[DATA SHOWN]
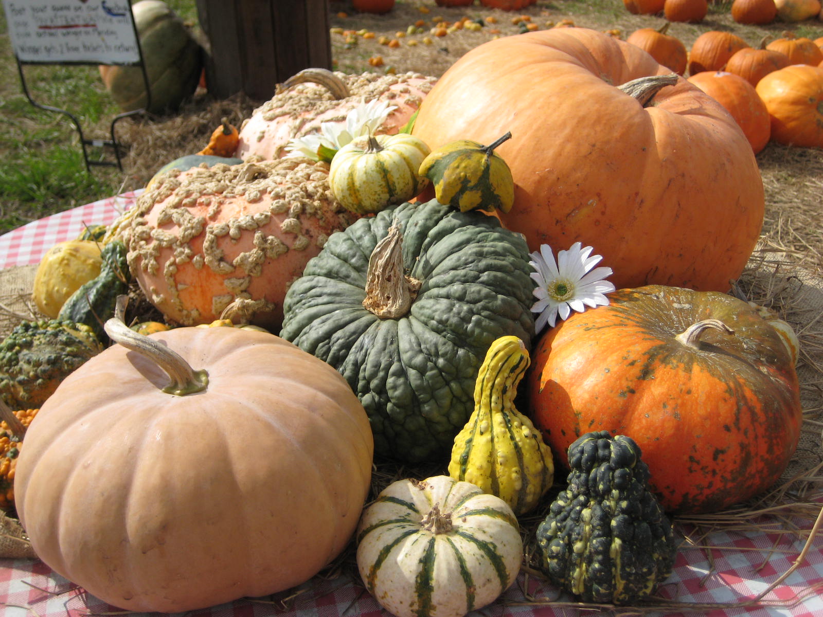 Pick the perfect carver or edible pumpkin at our Pumpkin Patch with lots of sunflowers and of picture opportunities! Some pumpkins grown right here on our farm.
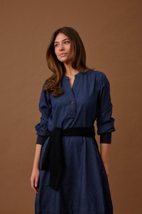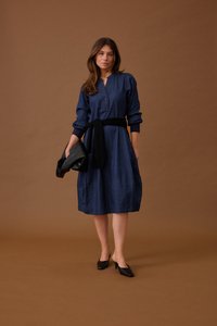Žena si upravuje černý pás na dlouhých rukávech námořnicky modrých šatech, stojící před jednobarevným hnědým pozadím, dívající se mírně vzhůru a stranou.
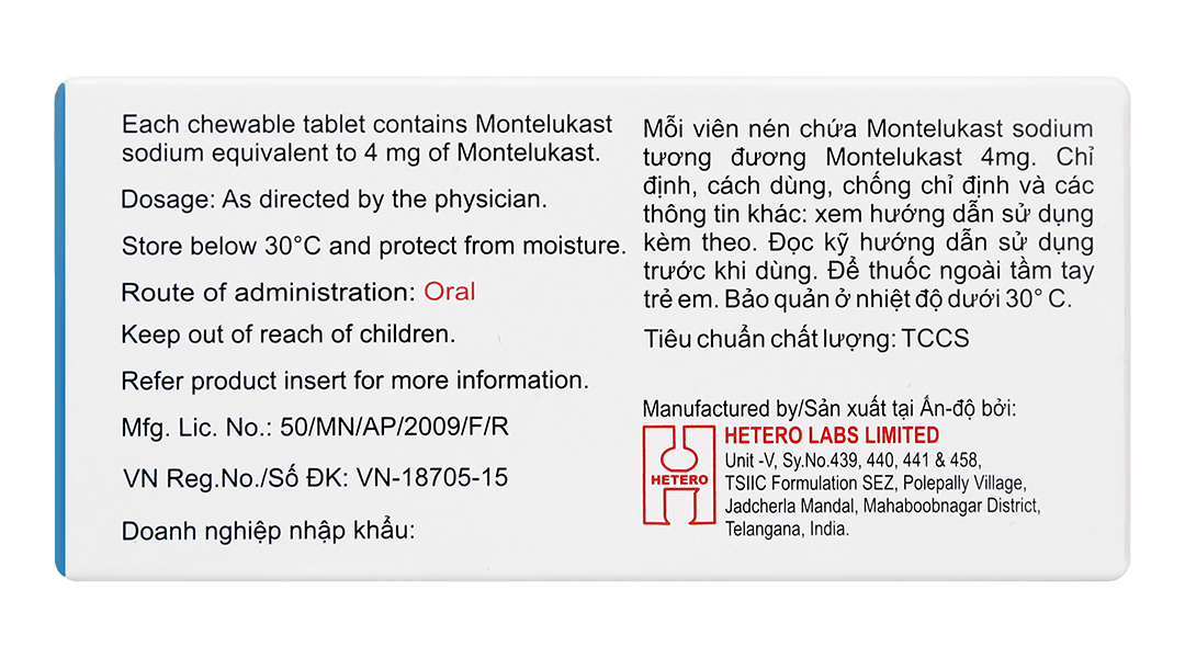 - Thành phần dược chất: Montelukast natri tương đương montelukast 4mg.
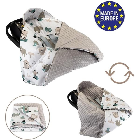 BOMIMI Minky hordozós takaró - Utazó állatkert, szürke lakástextília termékleírás
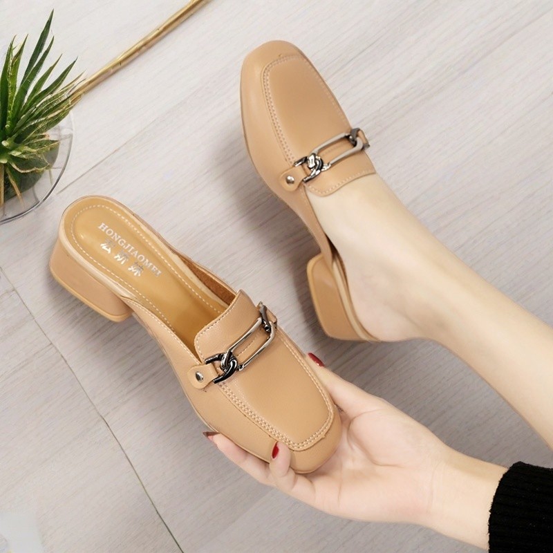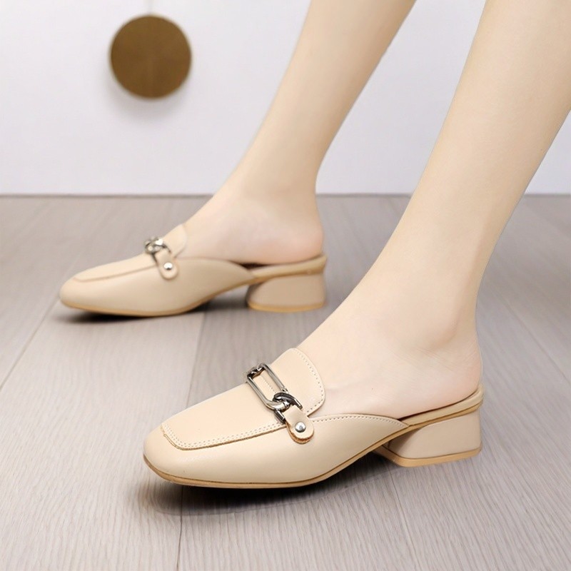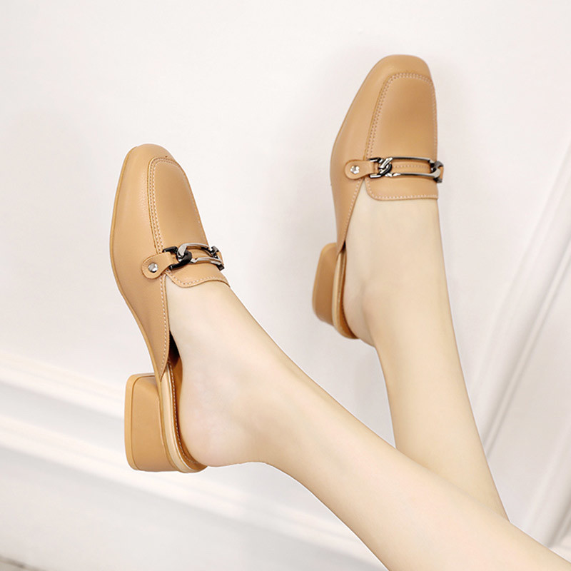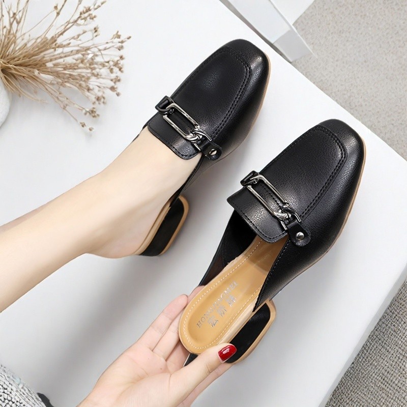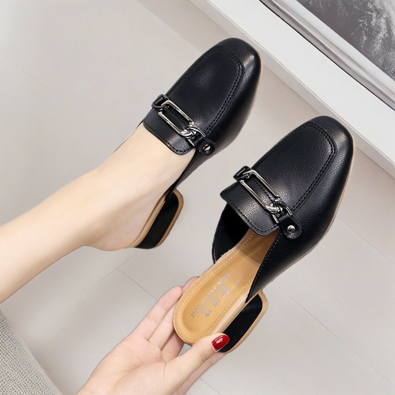 Baotou รองเท้าแตะครึ่งผู้หญิงสวมใส่ด้านนอก 2025 สไตล์ใหม่สแควร์ Toe ส้นหนา Mules สบาย All-Match ขนาดเล็กส้นต่ําขี้เกียจ Sli
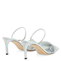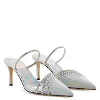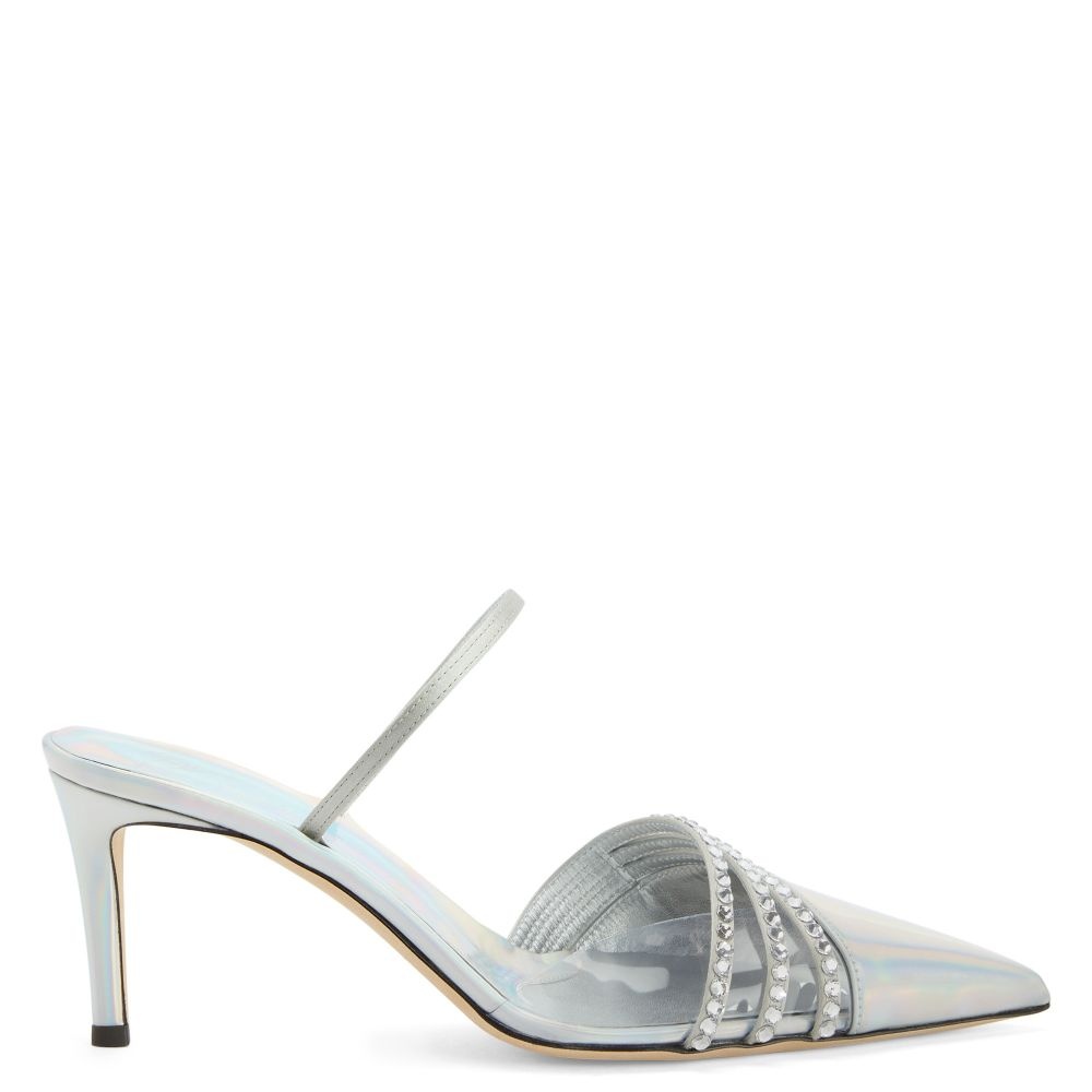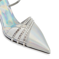 Product Details These pointed-toe mules, crafted from silver laminated synthetic fabric and synthetic satin, feature a toe box with a clear PVC insert and a thin strap on the instep and are embellished with embroidered rows of crystal-coloured rhinestones and a matching covered heel. Silver laminated synthetic fabric (75% PU; 25% PL), clear PVC and silver synthetic satin Crystal rhinestones embroidery Heel covered in silver laminated synthetic fabric (75% PU; 25% PL) 70 mm heel Leather sole with logo Made in Italy
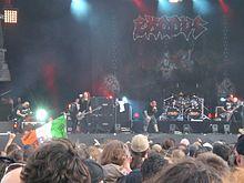 Since its formation, Exodus has released ten studio albums, two live albums, one compilation album, and a re-recording of their first album. Along with Metallica (whose longtime lead guitarist Kirk Hammett was an original member of Exodus), they are often credited as pioneers of the Bay Area thrash metal scene,[2][3] and have sold over five million albums worldwide.[4] Exodus is also considered to be one of the "big eight" of thrash metal, along with Metallica, Megadeth, Slayer, Anthrax, Testament, Overkill and Death Angel.[5][6][7][8][9] The band had particular success in the mid-to-late 1980s with their first three studio albums: Bonded by Blood (1985), Pleasures of the Flesh (1987) and Fabulous Disaster (1989). The critical praise given to Fabulous Disaster garnered attention from major labels, including Capitol Records, with whom Exodus signed in 1989. The band released two more studio albums (Impact Is Imminent in 1990 and Force of Habit in 1992) before disbanding in 1994. After temporarily reuniting in 1997–1998, Exodus reformed once again in 2001, and since then, they have released five more studio albums, starting with and including Tempo of the Damned (2004), which reignited Exodus' popularity and is considered to be a key part in the early 2000s thrash metal revival movement.[10][11][12] The band's upcoming eleventh studio album, Persona Non Grata, is due for release in the summer of 2021.[13]

[REQUIRED WORK]
With the images excluded, reproduce the data above precisely as written.

[ANSWER BOX]
 Pick the perfect carver or edible pumpkin at our Pumpkin Patch with lots of sunflowers and of picture opportunities! Some pumpkins grown right here on our farm.
Žena si upravuje černý pás na dlouhých rukávech námořnicky modrých šatech, stojící před jednobarevným hnědým pozadím, dívající se mírně vzhůru a stranou.
 - Thành phần dược chất: Montelukast natri tương đương montelukast 4mg.
 BOMIMI Minky hordozós takaró - Utazó állatkert, szürke lakástextília termékleírás
 Baotou รองเท้าแตะครึ่งผู้หญิงสวมใส่ด้านนอก 2025 สไตล์ใหม่สแควร์ Toe ส้นหนา Mules สบาย All-Match ขนาดเล็กส้นต่ําขี้เกียจ Sli
 Product Details These pointed-toe mules, crafted from silver laminated synthetic fabric and synthetic satin, feature a toe box with a clear PVC insert and a thin strap on the instep and are embellished with embroidered rows of crystal-coloured rhinestones and a matching covered heel. Silver laminated synthetic fabric (75% PU; 25% PL), clear PVC and silver synthetic satin Crystal rhinestones embroidery Heel covered in silver laminated synthetic fabric (75% PU; 25% PL) 70 mm heel Leather sole with logo Made in Italy
 Since its formation, Exodus has released ten studio albums, two live albums, one compilation album, and a re-recording of their first album. Along with Metallica (whose longtime lead guitarist Kirk Hammett was an original member of Exodus), they are often credited as pioneers of the Bay Area thrash metal scene,[2][3] and have sold over five million albums worldwide.[4] Exodus is also considered to be one of the "big eight" of thrash metal, along with Metallica, Megadeth, Slayer, Anthrax, Testament, Overkill and Death Angel.[5][6][7][8][9] The band had particular success in the mid-to-late 1980s with their first three studio albums: Bonded by Blood (1985), Pleasures of the Flesh (1987) and Fabulous Disaster (1989). The critical praise given to Fabulous Disaster garnered attention from major labels, including Capitol Records, with whom Exodus signed in 1989. The band released two more studio albums (Impact Is Imminent in 1990 and Force of Habit in 1992) before disbanding in 1994. After temporarily reuniting in 1997–1998, Exodus reformed once again in 2001, and since then, they have released five more studio albums, starting with and including Tempo of the Damned (2004), which reignited Exodus' popularity and is considered to be a key part in the early 2000s thrash metal revival movement.[10][11][12] The band's upcoming eleventh studio album, Persona Non Grata, is due for release in the summer of 2021.[13]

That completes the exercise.